PHILOSOPHENHÄMMERUNG

■ Im Kroll-Theater sucht das „Theater der Findling“ Nietzsche

Bei Nietzsche läuft die erste Lektüre unweigerlich auf die 100prozentige Totalidentifikation mit dem Autor hinaus. Egal ob im Proseminar an der Uni oder im Kurssystem der Oberstufe, man kann die Nietzschianer so sicher an den Symptomen ihrer verbalen Infektion erkennen wie gleichaltrige Kinobesucher am raumgreifend breitbeinigen Gang des Rocky- und Rambo-Übermenschen. Da blasen sich zwanghaft schüchterne Konfirmanden zu Frauenverächtern auf und käuen mit ehrfurchtsvoll pickligen Gesichtern die altklugen Sätze ihres Idols wieder. Nietzsches mutige Statements, seine Tiefschläge und auftrumpfenden Behauptungen geben dem Pubertanden, was er dringend braucht und bei anderen Autoren nicht so billig und geistreich bekommt: Rückenwind und Power und jede Menge brauchbare Feindbilder. Der Schwangeren ihr Vitamalz, dem Erstsemester Nietzsche! Nietzsche baut das „Ego“ auf!

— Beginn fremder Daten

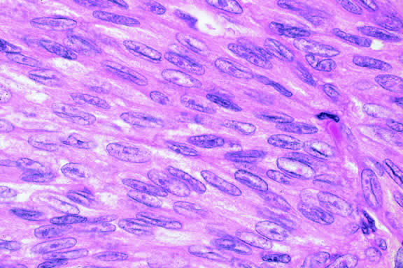Recent studies have shown that the rare disorder previously called reactive lymphoid hyperplasia of the uvea probably is a form of lymphoma214,215 (Fig. 55). Affected patients may have massive infiltration of the uveal tract by low-grade non-Hodgkin's B cell lymphoma that may have germinal centers. Contiguous extraocular foci of tumor also may be present.216 The latter provide an opportunity to establish the diagnosis without an intraocular biopsy. Lymphoid tumors of the iris and choroid have been reported in immunosuppressed patients with posttransplantation lymphoproliferative disorder.217–219 The lymphoid tumors are caused by Ebstein Barr virus, and some improve if immunosuppression is reduced.219 Juvenile xanthogranuloma generally affects the iris stroma in infants but can infiltrate the posterior uvea.220 It is an important cause of spontaneous hyphema. The infiltrate contains Touton giant cells rimmed with lipid. Several cases of posterior uveal involvement by Letterer-Siwe disease have been reported.221,222 LEIOMYOMA Leiomyoma is a relatively rare nonpigmented tumor of the uveal tract that usually involves the ciliary body and typically affects young women.223,224 During transillumination, leiomyomas often transmit light vividly. The latter attribute, occurring in a young woman, should suggest that a nonpigmented ciliary body tumor may be a leiomyoma and not an amelanotic melanoma. Although leiomyoma is benign, local resection is recommended to prevent complications from the growing tumor.223 Histopathologically, leiomyoma is relatively paucicellular compared with amelanotic melanoma, and its cells have fibrillar eosinophilic cytoplasm and bland nuclei with finely dispersed chromatin (Fig. 56). Positive immunoreactivity for smooth muscle actin (Fig. 57) and other muscle markers serves to differentiate leiomyoma from uveal melanoma and rare neurogenic tumors such as schwannoma, which also are paucicellular. The latter distinction is important because some leiomyomas have a distinctly neural appearance on routine light microscopy. The term mesectodermal leiomyoma has been applied to such tumors, emphasizing the derivation of intraocular smooth muscle from neural crest.225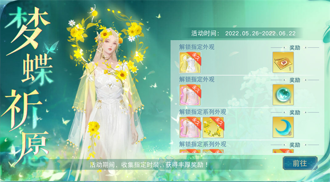 梦蝶祈福,心之所愿。5月26日至6月22日期间,全新主题外观隆重登场,碧山秋暮时装、天南星坐骑、芳菲东篱光环等精美全新外观正式上架,陪伴少侠们欢度佳节。少侠们可前往商城中购买晓梦蝶,参与梦蝶祈愿活动抽取。快快换上温柔缱绻、风度翩翩的绝美新装,一起体验福利满满的【悬壶济苍生】版本吧!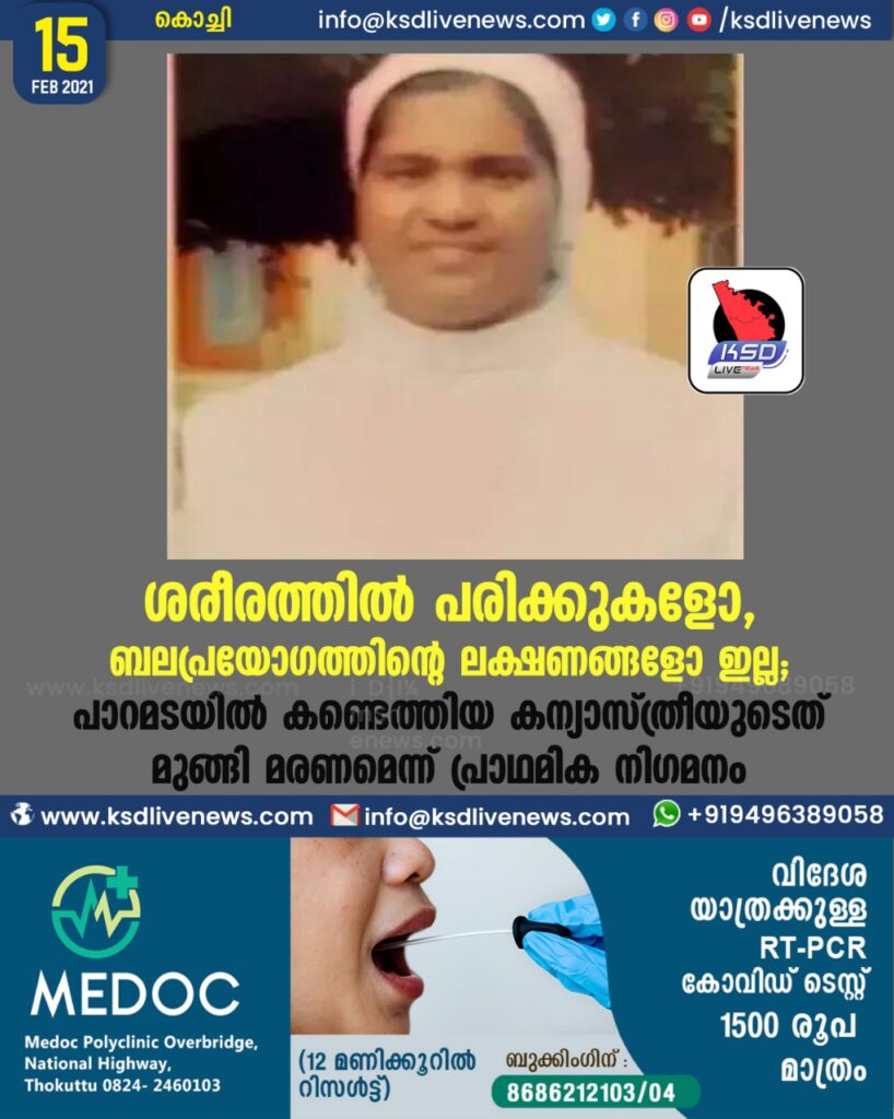 ശരീരത്തിൽ പരിക്കുകളോ , ബലപ്രയോഗത്തിന്റെ ലക്ഷണങ്ങളോ ഇല്ല ; പാറമടയിൽ കണ്ടെത്തിയ കന്യാസ്ത്രീയുടെത് മുങ്ങി മരണമെന്ന് പ്രാഥമിക നിഗമനം

Morgenröte, „ein Stück von Bernd Ludwig mit viel, viel Nietzsche“, wie es in den Ankündigungen schon hieß, kommt über die leidenschaftliche Begeisterung für den Philosophen nicht hinaus. Daniel, gespielt vom Stückautor Bernd Ludwig, verkörpert einen Lehrer, der ebenso frustriert ist wie alle seine Kollegen, die in den letzten Jahren mit der Straußschen „Fremdenführerin“ den Weg in die Literatur gefunden haben. Das wirklich Deprimierende an Daniel jedoch ist für den Zuschauer nicht, daß der Pädagoge dem Alkohol verfallen zu sein scheint und gleich in der ersten Szene was für ein origineller Regieeinfall - auf der Schreibmaschine herumhackt und daneben, zur Vervollkommnung des Stillebens, eine bereits leere Flasche Valpolicella stehen hat, nein, traurig ist, daß Daniel leider Gottes keine Theatersprache findet und zwei Stunden lang mit mehr oder weniger bekannten Nietzsche-Zitaten die Bühnendialoge bestreitet. Dieser philologenimmanente Recyclingansatz für Nietzsche-Texte erweist sich auf die Entfaltung einer Handlung oder zumindest eines inneren Konfliktes zwischen den Bühnenfiguren als äußerst hemmend. Durch den nicht abebbenden Schwall von großen Worten wird nie deutlich, worum es eigentlich geht. Man tappt im dunkeln, ohne Hoffnung, daß sich dieser Nebel lichtet, bevor das Saallicht wieder angeht.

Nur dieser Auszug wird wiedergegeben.